For the listing below, the answer is an exact retyping of the lines from the one with "Решение. Пятикратное бросание" through the one with "design Next →", both included, without pictures.

* [Records for this task]:
★ ★ ★ ★ ★
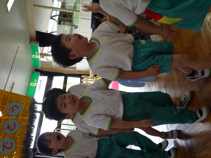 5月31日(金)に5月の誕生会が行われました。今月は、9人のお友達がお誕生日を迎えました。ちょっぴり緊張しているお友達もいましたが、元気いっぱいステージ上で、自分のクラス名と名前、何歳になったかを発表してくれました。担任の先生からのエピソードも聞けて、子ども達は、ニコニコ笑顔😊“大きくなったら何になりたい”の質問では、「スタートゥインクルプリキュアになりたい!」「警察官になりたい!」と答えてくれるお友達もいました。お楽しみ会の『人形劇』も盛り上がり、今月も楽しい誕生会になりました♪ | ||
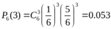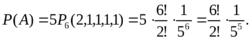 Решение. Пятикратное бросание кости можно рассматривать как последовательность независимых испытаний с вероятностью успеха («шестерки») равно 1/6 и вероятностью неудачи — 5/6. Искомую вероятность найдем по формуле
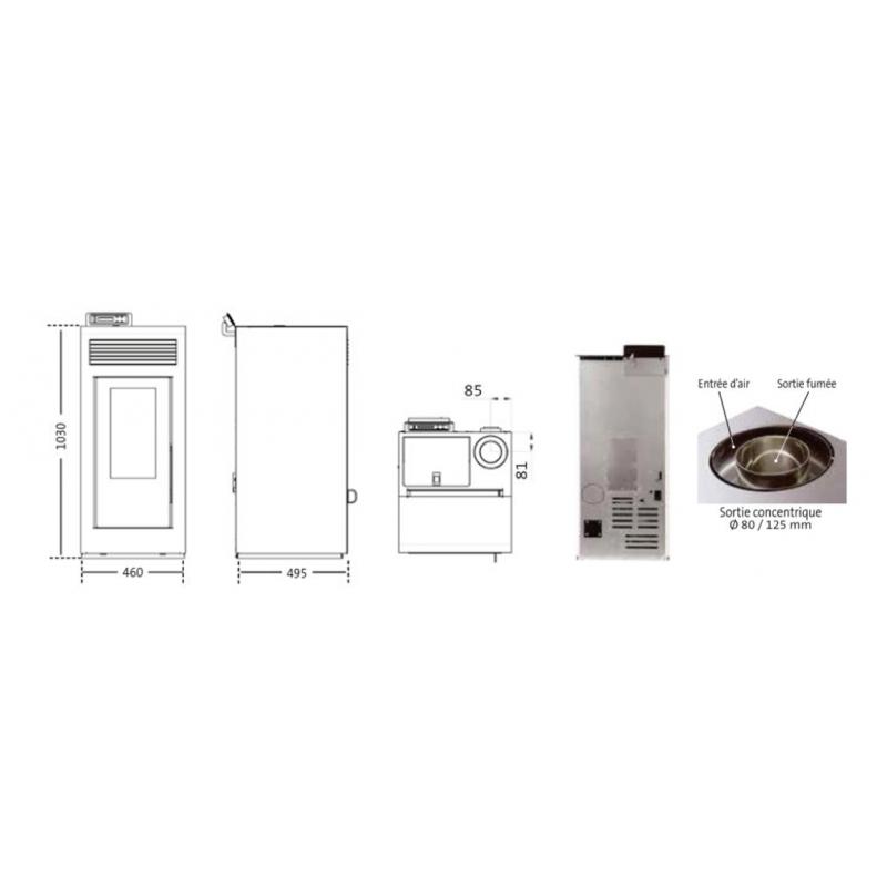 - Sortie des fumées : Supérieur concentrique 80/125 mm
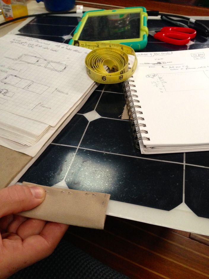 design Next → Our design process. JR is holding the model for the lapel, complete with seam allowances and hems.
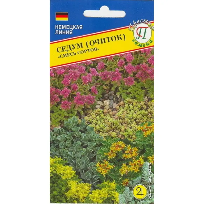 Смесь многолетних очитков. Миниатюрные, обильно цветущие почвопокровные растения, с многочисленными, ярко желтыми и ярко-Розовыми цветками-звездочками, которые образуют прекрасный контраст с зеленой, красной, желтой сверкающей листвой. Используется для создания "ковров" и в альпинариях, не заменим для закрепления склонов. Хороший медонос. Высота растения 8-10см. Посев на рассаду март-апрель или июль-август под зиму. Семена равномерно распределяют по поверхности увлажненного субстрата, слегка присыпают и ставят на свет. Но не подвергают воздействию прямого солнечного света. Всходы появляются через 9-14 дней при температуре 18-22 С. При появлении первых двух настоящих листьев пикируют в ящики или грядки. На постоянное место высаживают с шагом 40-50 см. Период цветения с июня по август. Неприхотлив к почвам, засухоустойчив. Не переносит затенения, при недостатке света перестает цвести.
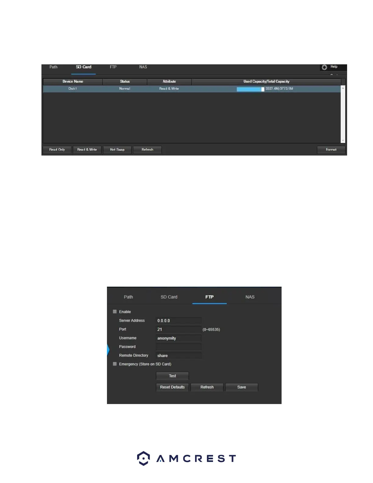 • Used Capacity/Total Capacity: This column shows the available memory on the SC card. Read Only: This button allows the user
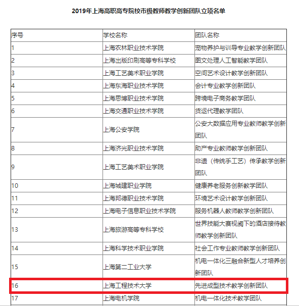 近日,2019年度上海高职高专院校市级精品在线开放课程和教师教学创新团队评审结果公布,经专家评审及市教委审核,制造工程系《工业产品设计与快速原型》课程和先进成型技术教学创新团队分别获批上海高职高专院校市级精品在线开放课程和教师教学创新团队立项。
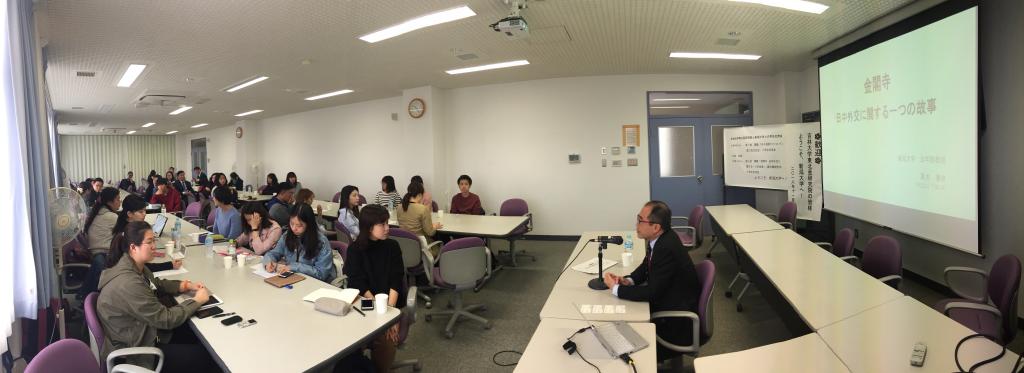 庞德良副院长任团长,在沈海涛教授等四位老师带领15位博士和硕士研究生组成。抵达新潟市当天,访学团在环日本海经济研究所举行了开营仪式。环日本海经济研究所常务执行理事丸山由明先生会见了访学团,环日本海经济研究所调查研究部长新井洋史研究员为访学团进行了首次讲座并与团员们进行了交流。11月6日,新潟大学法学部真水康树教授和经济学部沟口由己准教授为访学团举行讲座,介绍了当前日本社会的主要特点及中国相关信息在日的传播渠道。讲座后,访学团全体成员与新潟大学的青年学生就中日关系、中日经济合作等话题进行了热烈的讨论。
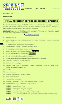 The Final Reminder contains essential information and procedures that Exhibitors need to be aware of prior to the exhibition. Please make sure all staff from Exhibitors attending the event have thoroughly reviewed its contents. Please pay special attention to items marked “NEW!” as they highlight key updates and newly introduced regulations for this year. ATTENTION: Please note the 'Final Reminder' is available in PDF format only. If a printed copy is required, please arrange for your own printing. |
★ ★ ★ ★ ★
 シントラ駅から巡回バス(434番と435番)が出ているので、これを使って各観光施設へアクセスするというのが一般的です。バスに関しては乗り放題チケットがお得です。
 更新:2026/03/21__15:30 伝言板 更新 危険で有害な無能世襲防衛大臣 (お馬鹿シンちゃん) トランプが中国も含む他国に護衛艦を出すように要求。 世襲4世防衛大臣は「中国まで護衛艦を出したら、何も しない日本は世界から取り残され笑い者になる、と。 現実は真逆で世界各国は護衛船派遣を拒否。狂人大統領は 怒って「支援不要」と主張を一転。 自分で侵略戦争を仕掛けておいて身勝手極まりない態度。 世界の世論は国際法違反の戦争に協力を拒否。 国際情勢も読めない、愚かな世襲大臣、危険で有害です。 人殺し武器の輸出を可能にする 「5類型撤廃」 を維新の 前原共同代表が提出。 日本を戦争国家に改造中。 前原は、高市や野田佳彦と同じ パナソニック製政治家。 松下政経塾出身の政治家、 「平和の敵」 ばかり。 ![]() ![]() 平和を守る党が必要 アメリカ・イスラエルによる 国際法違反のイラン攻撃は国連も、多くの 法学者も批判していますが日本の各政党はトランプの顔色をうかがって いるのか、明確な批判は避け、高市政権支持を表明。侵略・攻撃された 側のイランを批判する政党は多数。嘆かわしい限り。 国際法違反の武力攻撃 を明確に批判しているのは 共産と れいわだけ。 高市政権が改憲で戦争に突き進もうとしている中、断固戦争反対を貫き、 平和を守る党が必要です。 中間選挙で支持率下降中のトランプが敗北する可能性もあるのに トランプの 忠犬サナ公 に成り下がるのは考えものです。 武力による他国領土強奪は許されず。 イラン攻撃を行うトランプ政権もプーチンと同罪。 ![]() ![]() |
★ ★ ★ ★ ★
* [Solution to the exercise]:
 Решение. Пятикратное бросание кости можно рассматривать как последовательность независимых испытаний с вероятностью успеха («шестерки») равно 1/6 и вероятностью неудачи — 5/6. Искомую вероятность найдем по формуле
 - Sortie des fumées : Supérieur concentrique 80/125 mm
 design Next → Our design process. JR is holding the model for the lapel, complete with seam allowances and hems.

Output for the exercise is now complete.